In the context of the NATO summit in Madrid scheduled for June this year, Estonia considers support for the Alliance’s open-door policy, the deepening of cooperation with the EU, and the development of new technologies as key. Therefore, Estonia positively assesses the membership perspective of Finland and Sweden as significantly strengthening security in the Baltic Sea region. It also advocates the development of European defence capabilities if they are compatible with the Alliance’s activities. It announces an increase in defence funding, from 2.31% of GDP in 2021 to 2.44% in 2023. The development of medium-range air defences will be a priority. Estonia is to modernise the Amari airbase and, together with Lithuania and Latvia, to acquire (by 2024) multiple-launch rocket artillery systems (MLRS) and additional airspace control radars. It also plans to strengthen cyber protection and further develop Estonia’s territorial defence grouping, the Defence League (Kaitseliit).

Conclusions and Perspectives

Estonia’s reaction stands out due to its strong support for Ukraine and its unequivocal attitude towards Russia, as well as the often-pioneering nature of its actions.
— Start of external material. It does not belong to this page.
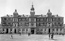 Just north of Jeppestown is Doornfontein, then known as a 'classy' suburb, where professional and commercial men lived. Many Jews lived there as well.[24] Their children attended school. The first English language school in Johannesburg was started by the Holy Family Sisters. In 1887 they opened a school in Fox Street, but it grew so fast that they had to move to bigger premises in End Street, next to Doornfontein.[25]
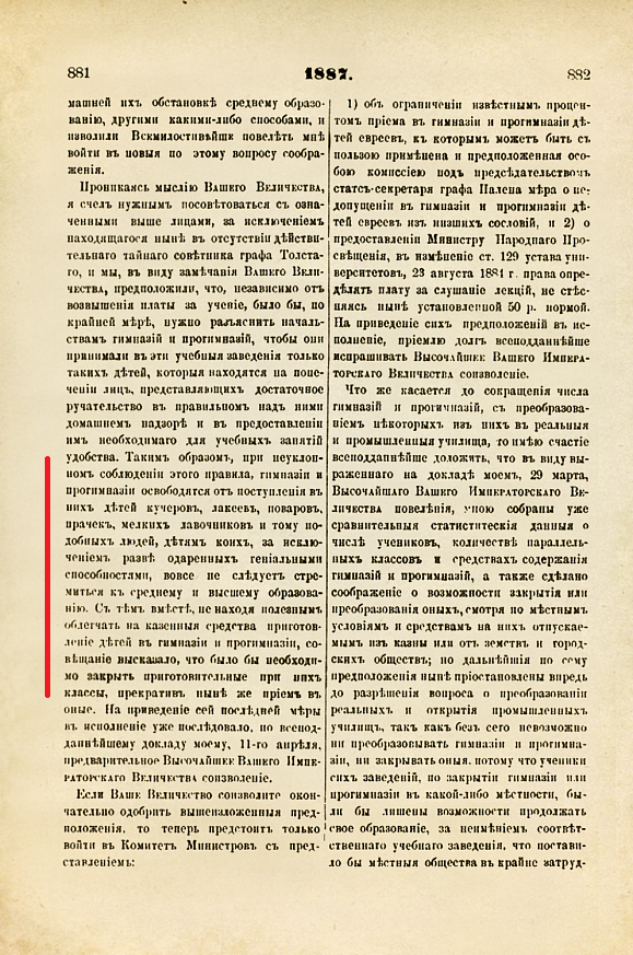 Так же как и вы, совкодрочеры, перевираете якобы закон о "кухаркиных детях", который назывался Циркуляр «О сокращении гимназического образования», прозванный «циркуляром о кухаркиных детях», - нормативный акт периода контрреформ Александра III, подписанный 18 (30) июня 1887 года российским министром просвещения И. Д. Деляновым.

While arming Ukraine, it points out that large-scale support is essential for the effective containment of Russian aggression. At the same time, Estonia supports Ukraine’s EU aspirations. In the context of NATO members increasing their defence potential in the region, Estonia points to the need to further strengthen the Eastern Flank and the need for membership of Finland and Sweden in the Alliance. This position means that Estonia continues to be one of Poland’s closest partners in eastern security matters.

Estonia’s determination to act for Ukraine is fostered by a broad political consensus, despite the significant percentage of the Russian-speaking population. Russia’s aggression also translates into support for the main political parties. This will be important during the parliamentary elections at the beginning of next year when Estonia’s opposition to Russia’s policy may become even more determined. It could lead to, for example, further limits on economic cooperation between the two countries.